Students will gain firsthand insights into the factors that make a sentence more or less comprehensible for various groups of so-called "strong" and "weak readers," including older adults, individuals with low literacy, immigrants, and those with mild cognitive impairments. We will focus on “la scrittura di servizio”. That is, Service writing, documents with high practical and utilitarian purposes, or writing that serves a specific function, such as instructions, forms, or public information.
Prerequisiti
Good Command of English: fluency in both spoken and written English, with particular emphasis on academic reading. Solid Foundation in Linguistics: Good understanding of core linguistic concepts, including syntax, semantics, and pragmatics. Genuine curiosity about how the mind works, particularly in relation to written language comprehension and processing
Metodi didattici
Lectures, seminars, discussions and first hand knowledge of experimental eye tracking research in the Laboratorio di Linguistica e Glottodidattica Sperimentale (LLEGS) at the University of Pavia
Verifica Apprendimento
Written exam.

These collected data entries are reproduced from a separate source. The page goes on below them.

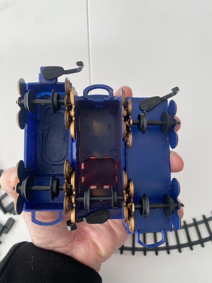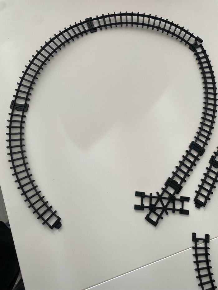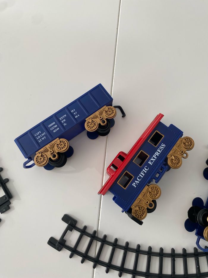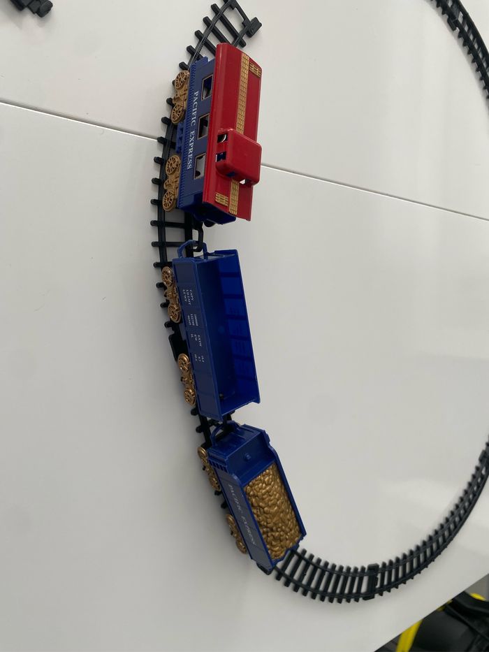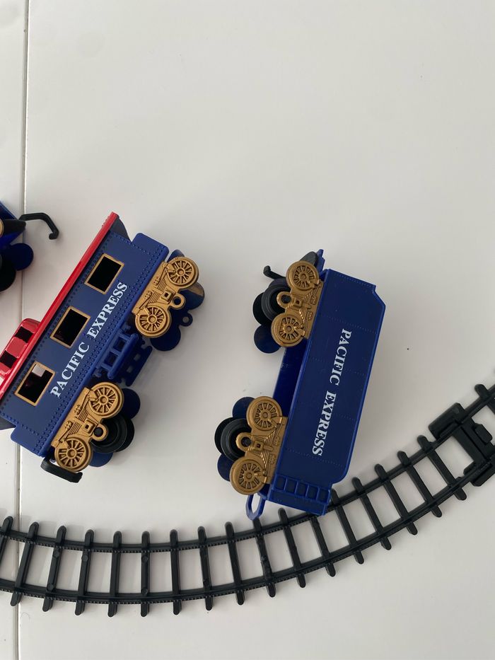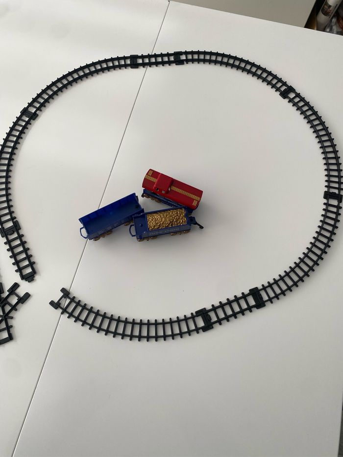 Petit circuit avec une locomotive et deux wagons , n’a jamais servi . 4€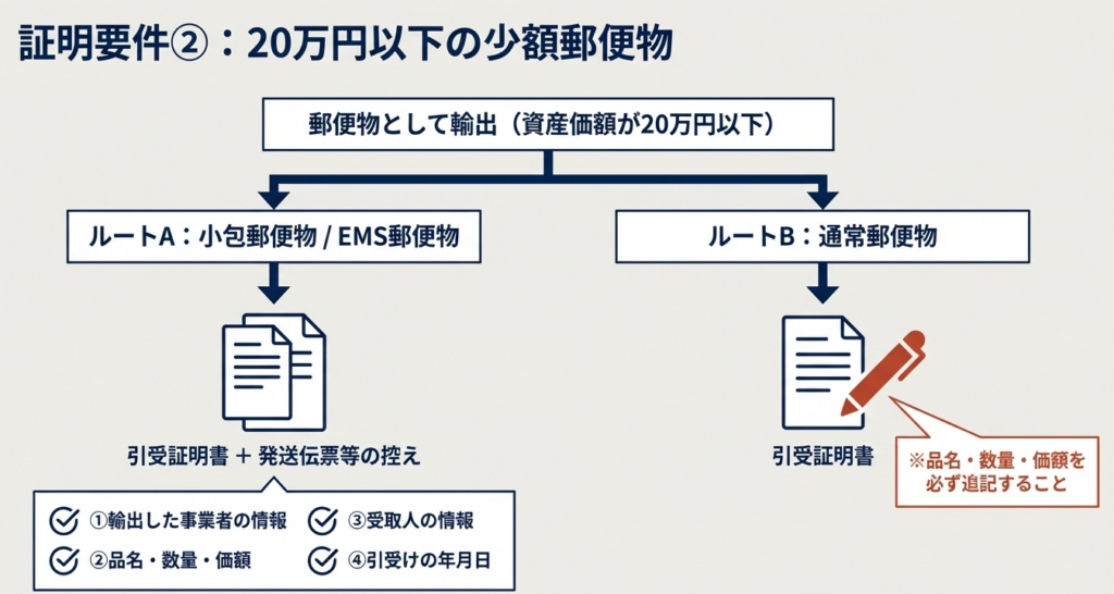 | 通常郵便物(20万円以下) | 引受けを証する書類(品名・数量・価額を追記したもの) |
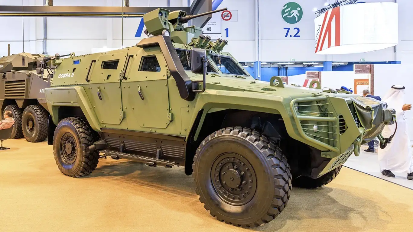 Как пишет издание «Военное дело», одной из ключевых моделей на стенде стал бронеавтомобиль Cobra II, который является развитием предыдущей версии — Cobra I. Этот колесный бронетранспортер с компоновкой 4x4 способен перевозить до десяти человек, включая экипаж, и обладает высоким уровнем защиты от мин и самодельных взрывных устройств. Конструкция машины модульная, что позволяет адаптировать её под различные задачи.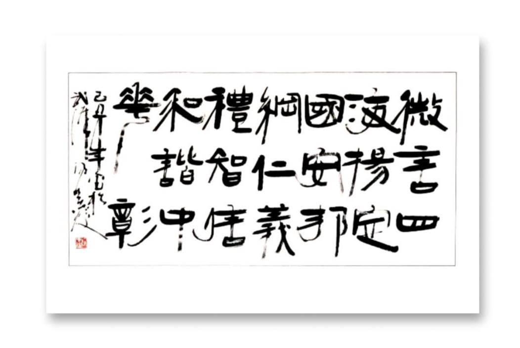 “艺术家的创作应根植于社会文化需求,且需与人民喜闻乐见相对应。”他说,“比如书法,格言警句,优美古今诗文都是我们创作的素材。但不是机械描字,做字,抄袭字,要用架构包括章法,线条,韵律,以及黄金分割率等与书文有机结合,传递发扬文章内涵。”

The detailed and complete knowledge of texts (1) and (2) above is required
Testi
(1) Rastelli, S. (2025). Plain Language A Psycholinguistic Approach, London, Routledge (2) PowerPoint slides commented in class
Contenuti
The course employs principles from the field of psycholinguistics to explore factors that make a sentence or text easy or difficult to process by the cognitive mechanisms that support language processing, and describes how levels of difficulty might function within bureaucratic power structures. Drawing almost exclusively from experimental data on readability, the course employs a metaphor of three "ghost" readers in the mind that exist and interact with each other: the syntactic reader (the one searching for the structure), the statistical reader (the one driven by previous experiences), and finally the pragmatic reader (the one searching for meaning). The course also describes a novel psycholinguistic experiment showing that complexly written texts may prevent adult citizens with average literacy skills from accessing important information related to their health, work, and right to representation, thereby drawing a line between the psycholinguistics of language comprehension and the maintenance of existing power structures.